- _What you have to do_: Make an exact copy, from the records below, of the lines from the line containing "昨日の給食初日から、6年生が" to the line containing "5つ全てのレコードをドメイン", both lines included, excluding pictures.

--- Records shown Enclosed Below ---

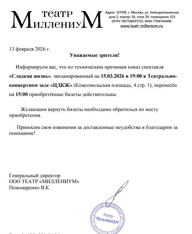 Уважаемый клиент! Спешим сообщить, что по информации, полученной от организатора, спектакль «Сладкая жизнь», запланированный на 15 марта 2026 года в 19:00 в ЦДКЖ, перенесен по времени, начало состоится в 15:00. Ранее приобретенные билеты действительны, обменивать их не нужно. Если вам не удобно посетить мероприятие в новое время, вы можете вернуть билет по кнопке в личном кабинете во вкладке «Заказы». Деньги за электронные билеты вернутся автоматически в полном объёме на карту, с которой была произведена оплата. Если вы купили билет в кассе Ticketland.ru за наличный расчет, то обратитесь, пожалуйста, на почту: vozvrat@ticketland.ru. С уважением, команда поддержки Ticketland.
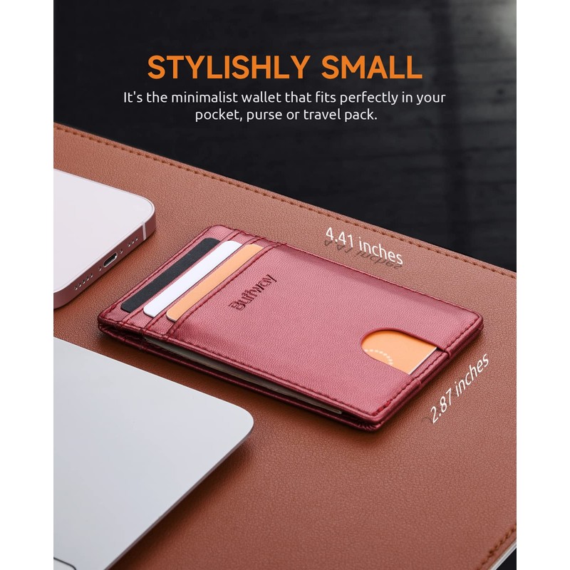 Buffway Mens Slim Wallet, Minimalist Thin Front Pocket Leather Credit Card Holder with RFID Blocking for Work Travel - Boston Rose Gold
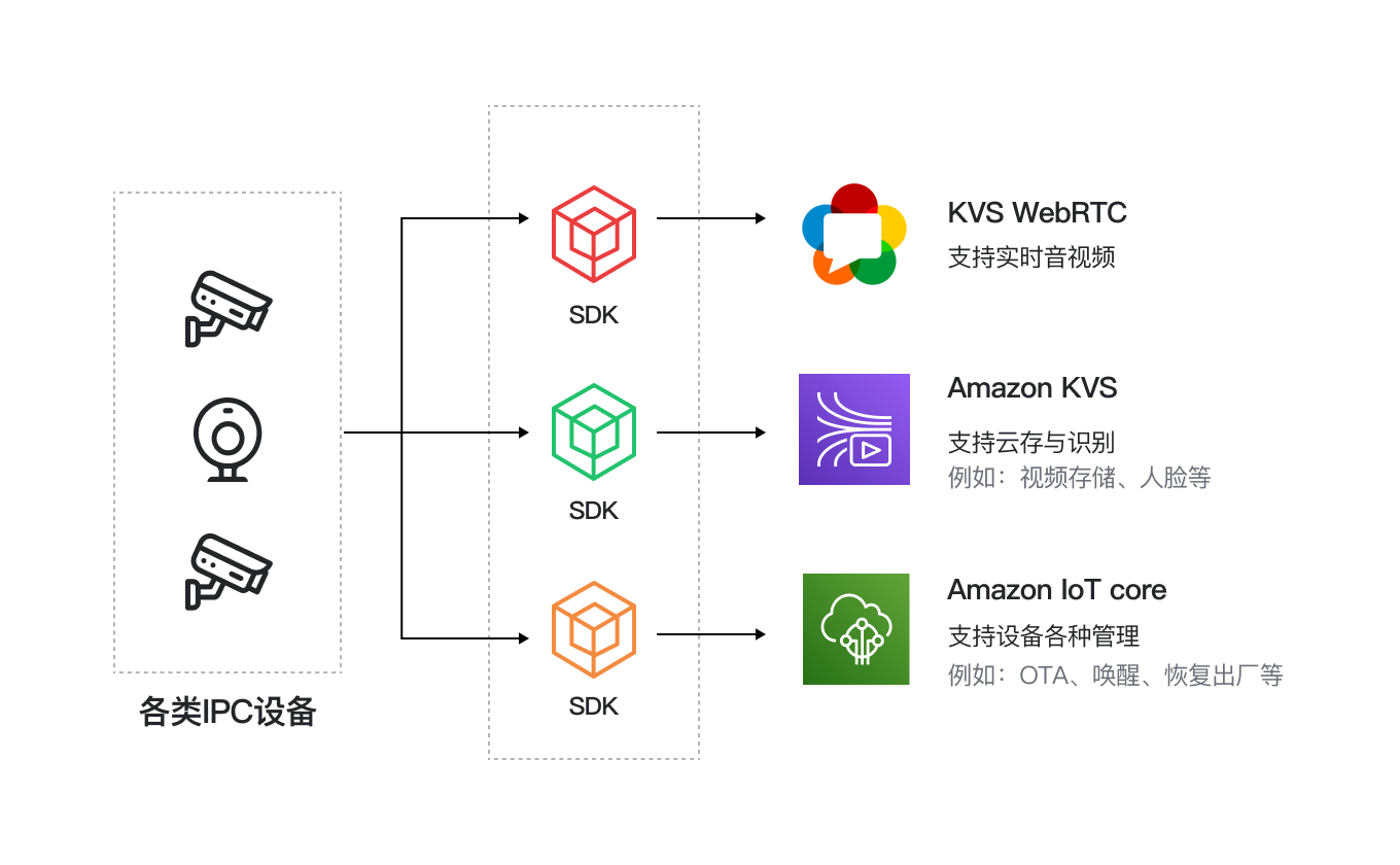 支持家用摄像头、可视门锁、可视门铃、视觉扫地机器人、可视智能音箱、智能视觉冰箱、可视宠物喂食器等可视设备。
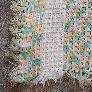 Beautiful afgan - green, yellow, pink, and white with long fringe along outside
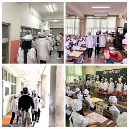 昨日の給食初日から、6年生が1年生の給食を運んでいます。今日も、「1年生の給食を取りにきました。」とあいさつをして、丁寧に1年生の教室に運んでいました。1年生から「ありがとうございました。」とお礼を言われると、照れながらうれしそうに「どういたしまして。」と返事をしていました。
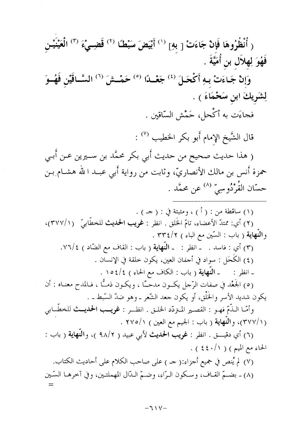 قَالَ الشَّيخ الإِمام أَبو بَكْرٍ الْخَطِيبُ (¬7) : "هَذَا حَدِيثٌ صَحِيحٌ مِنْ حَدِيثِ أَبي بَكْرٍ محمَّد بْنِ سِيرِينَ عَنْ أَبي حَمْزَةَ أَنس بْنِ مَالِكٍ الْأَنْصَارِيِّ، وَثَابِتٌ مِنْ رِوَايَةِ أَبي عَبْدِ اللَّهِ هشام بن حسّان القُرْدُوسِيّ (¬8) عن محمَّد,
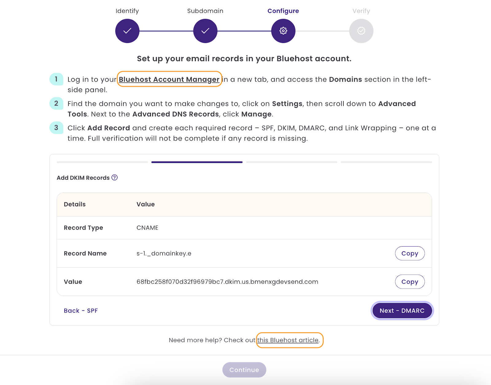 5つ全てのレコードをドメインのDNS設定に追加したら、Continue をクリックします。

--- End of Enclosed Records shown ---
--- Records shown Enclosed Below ---

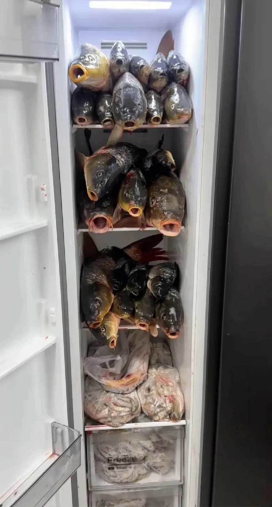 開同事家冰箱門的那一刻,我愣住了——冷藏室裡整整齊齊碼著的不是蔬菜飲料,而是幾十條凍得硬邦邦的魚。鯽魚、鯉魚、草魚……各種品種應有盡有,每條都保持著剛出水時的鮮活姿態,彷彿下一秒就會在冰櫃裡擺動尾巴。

--- End of Enclosed Records shown ---
--- Records shown Enclosed Below ---

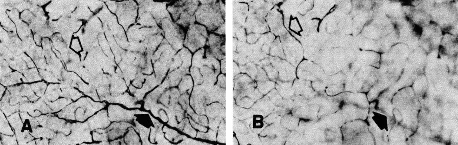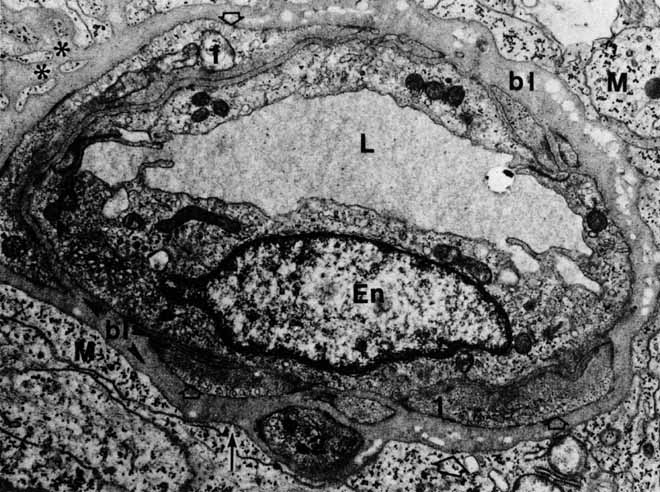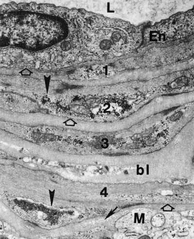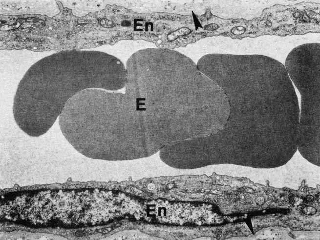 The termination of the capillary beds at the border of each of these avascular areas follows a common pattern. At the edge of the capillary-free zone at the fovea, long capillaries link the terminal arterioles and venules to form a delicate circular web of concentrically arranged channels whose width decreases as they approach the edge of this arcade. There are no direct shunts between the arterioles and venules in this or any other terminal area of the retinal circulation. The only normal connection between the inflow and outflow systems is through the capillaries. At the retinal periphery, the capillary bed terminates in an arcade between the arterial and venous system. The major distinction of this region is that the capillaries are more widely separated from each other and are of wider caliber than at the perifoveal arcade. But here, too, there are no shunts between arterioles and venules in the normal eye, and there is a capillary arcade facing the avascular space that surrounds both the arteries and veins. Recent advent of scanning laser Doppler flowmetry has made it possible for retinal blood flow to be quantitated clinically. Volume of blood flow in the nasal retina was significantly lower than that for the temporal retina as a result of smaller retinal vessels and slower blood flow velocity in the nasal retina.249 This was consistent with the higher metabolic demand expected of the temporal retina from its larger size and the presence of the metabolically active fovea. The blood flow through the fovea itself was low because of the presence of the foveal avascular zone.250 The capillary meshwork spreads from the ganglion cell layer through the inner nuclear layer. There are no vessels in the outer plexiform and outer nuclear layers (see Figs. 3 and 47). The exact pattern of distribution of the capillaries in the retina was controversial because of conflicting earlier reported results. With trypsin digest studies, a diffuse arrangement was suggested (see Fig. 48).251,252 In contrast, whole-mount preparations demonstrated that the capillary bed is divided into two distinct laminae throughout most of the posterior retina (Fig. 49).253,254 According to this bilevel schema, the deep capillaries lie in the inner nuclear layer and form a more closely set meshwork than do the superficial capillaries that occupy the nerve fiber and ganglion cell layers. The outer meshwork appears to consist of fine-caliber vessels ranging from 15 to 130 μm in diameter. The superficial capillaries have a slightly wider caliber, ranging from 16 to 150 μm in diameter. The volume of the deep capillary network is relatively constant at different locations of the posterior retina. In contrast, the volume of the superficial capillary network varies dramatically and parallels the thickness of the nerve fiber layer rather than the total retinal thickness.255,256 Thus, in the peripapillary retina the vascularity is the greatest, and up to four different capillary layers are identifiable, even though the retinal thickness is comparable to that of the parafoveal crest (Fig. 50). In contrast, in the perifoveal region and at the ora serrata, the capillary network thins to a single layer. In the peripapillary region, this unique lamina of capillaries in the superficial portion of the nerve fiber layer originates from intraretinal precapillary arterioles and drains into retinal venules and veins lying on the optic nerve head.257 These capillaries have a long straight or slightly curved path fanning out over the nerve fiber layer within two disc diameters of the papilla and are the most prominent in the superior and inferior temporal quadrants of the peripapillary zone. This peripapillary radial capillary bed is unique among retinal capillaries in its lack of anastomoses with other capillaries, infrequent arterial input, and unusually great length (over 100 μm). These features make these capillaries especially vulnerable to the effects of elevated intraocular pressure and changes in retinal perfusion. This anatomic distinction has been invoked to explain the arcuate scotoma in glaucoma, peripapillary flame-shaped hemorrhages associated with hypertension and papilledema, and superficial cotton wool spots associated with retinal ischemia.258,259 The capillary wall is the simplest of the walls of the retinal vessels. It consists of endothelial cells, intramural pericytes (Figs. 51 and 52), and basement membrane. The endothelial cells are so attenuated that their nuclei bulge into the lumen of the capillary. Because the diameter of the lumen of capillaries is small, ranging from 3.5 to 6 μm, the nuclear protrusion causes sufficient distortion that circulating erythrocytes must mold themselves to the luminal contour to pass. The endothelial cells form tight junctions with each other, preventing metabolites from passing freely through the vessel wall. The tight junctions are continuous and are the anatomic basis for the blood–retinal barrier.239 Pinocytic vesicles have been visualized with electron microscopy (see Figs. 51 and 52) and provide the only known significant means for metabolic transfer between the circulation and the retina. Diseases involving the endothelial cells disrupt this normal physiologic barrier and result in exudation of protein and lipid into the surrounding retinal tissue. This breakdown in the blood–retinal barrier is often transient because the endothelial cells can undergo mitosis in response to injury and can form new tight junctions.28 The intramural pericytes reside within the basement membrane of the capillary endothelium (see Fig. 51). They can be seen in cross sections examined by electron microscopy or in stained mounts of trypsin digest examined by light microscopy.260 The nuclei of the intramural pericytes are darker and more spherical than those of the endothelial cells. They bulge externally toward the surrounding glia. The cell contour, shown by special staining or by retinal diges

--- End of Enclosed Records shown ---

- _Written solution_:
 昨日の給食初日から、6年生が1年生の給食を運んでいます。今日も、「1年生の給食を取りにきました。」とあいさつをして、丁寧に1年生の教室に運んでいました。1年生から「ありがとうございました。」とお礼を言われると、照れながらうれしそうに「どういたしまして。」と返事をしていました。
 قَالَ الشَّيخ الإِمام أَبو بَكْرٍ الْخَطِيبُ (¬7) : "هَذَا حَدِيثٌ صَحِيحٌ مِنْ حَدِيثِ أَبي بَكْرٍ محمَّد بْنِ سِيرِينَ عَنْ أَبي حَمْزَةَ أَنس بْنِ مَالِكٍ الْأَنْصَارِيِّ، وَثَابِتٌ مِنْ رِوَايَةِ أَبي عَبْدِ اللَّهِ هشام بن حسّان القُرْدُوسِيّ (¬8) عن محمَّد,
 5つ全てのレコードをドメインのDNS設定に追加したら、Continue をクリックします。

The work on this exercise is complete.